ABOUT THIS TASK: Pull every line holding the word "while" out of the data and copy it.

*** Opening DATASET ***

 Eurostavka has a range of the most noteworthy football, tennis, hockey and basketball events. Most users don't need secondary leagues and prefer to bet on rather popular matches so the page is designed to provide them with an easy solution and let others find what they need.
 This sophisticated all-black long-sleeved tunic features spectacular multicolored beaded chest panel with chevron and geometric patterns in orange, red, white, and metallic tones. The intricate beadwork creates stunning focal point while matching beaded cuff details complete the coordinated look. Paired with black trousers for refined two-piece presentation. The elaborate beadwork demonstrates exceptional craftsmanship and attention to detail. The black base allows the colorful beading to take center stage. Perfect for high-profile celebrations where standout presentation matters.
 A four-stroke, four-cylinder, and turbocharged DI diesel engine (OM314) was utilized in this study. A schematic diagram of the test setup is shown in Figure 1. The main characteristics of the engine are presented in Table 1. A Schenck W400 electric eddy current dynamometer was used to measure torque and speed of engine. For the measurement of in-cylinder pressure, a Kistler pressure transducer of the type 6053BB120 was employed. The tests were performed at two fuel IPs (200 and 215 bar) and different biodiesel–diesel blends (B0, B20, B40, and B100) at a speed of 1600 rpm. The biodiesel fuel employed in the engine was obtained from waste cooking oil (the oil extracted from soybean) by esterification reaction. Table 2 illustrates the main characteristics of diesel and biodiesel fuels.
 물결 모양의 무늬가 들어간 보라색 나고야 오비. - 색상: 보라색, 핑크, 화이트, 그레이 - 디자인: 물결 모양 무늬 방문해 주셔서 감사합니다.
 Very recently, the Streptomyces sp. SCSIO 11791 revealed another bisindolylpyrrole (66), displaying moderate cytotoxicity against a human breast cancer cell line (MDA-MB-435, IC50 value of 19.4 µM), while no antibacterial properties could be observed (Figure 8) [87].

*** Closing DATASET ***
*** Opening DATASET ***

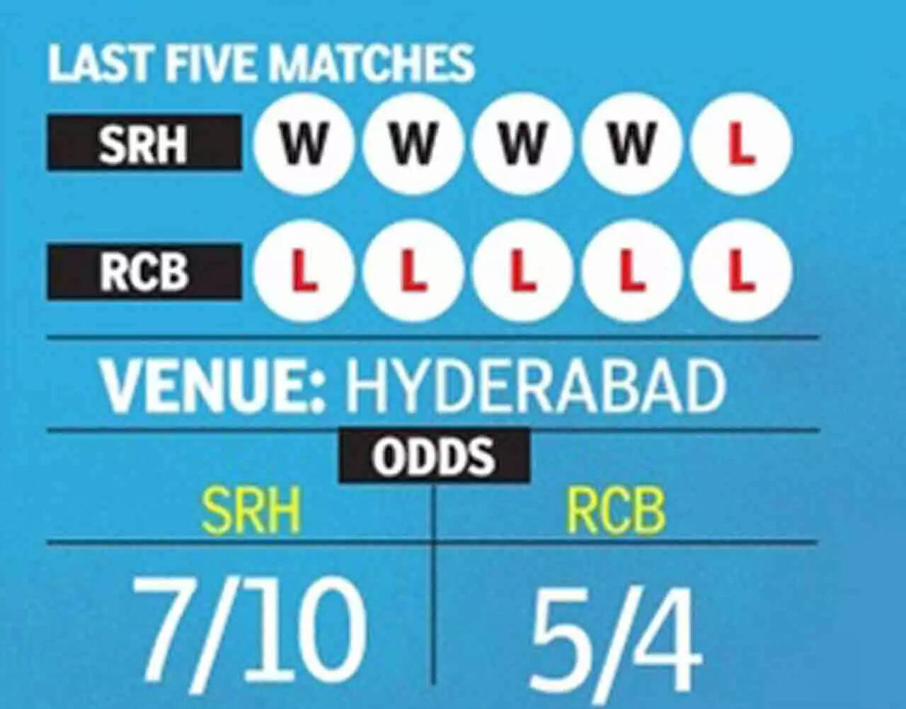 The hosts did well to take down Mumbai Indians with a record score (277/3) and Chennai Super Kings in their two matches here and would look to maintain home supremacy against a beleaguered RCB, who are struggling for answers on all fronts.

*** Closing DATASET ***
*** Opening DATASET ***

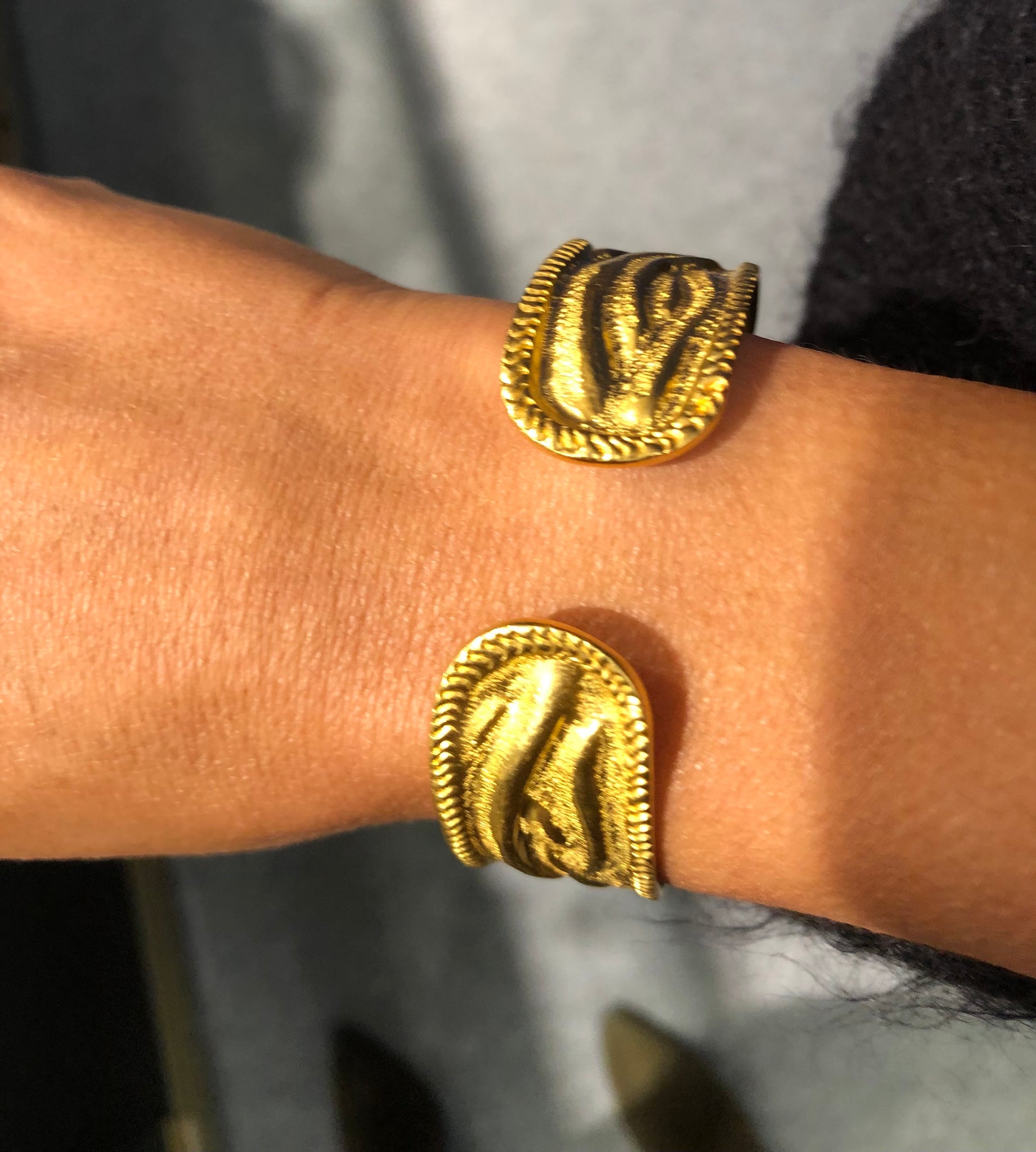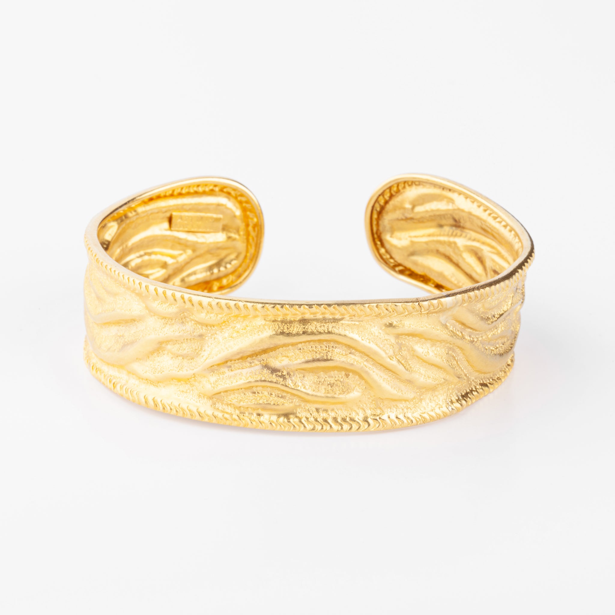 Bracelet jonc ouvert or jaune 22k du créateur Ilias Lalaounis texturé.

*** Closing DATASET ***

RESPONSE TO THE TASK:
 This sophisticated all-black long-sleeved tunic features spectacular multicolored beaded chest panel with chevron and geometric patterns in orange, red, white, and metallic tones. The intricate beadwork creates stunning focal point while matching beaded cuff details complete the coordinated look. Paired with black trousers for refined two-piece presentation. The elaborate beadwork demonstrates exceptional craftsmanship and attention to detail. The black base allows the colorful beading to take center stage. Perfect for high-profile celebrations where standout presentation matters.
 Very recently, the Streptomyces sp. SCSIO 11791 revealed another bisindolylpyrrole (66), displaying moderate cytotoxicity against a human breast cancer cell line (MDA-MB-435, IC50 value of 19.4 µM), while no antibacterial properties could be observed (Figure 8) [87].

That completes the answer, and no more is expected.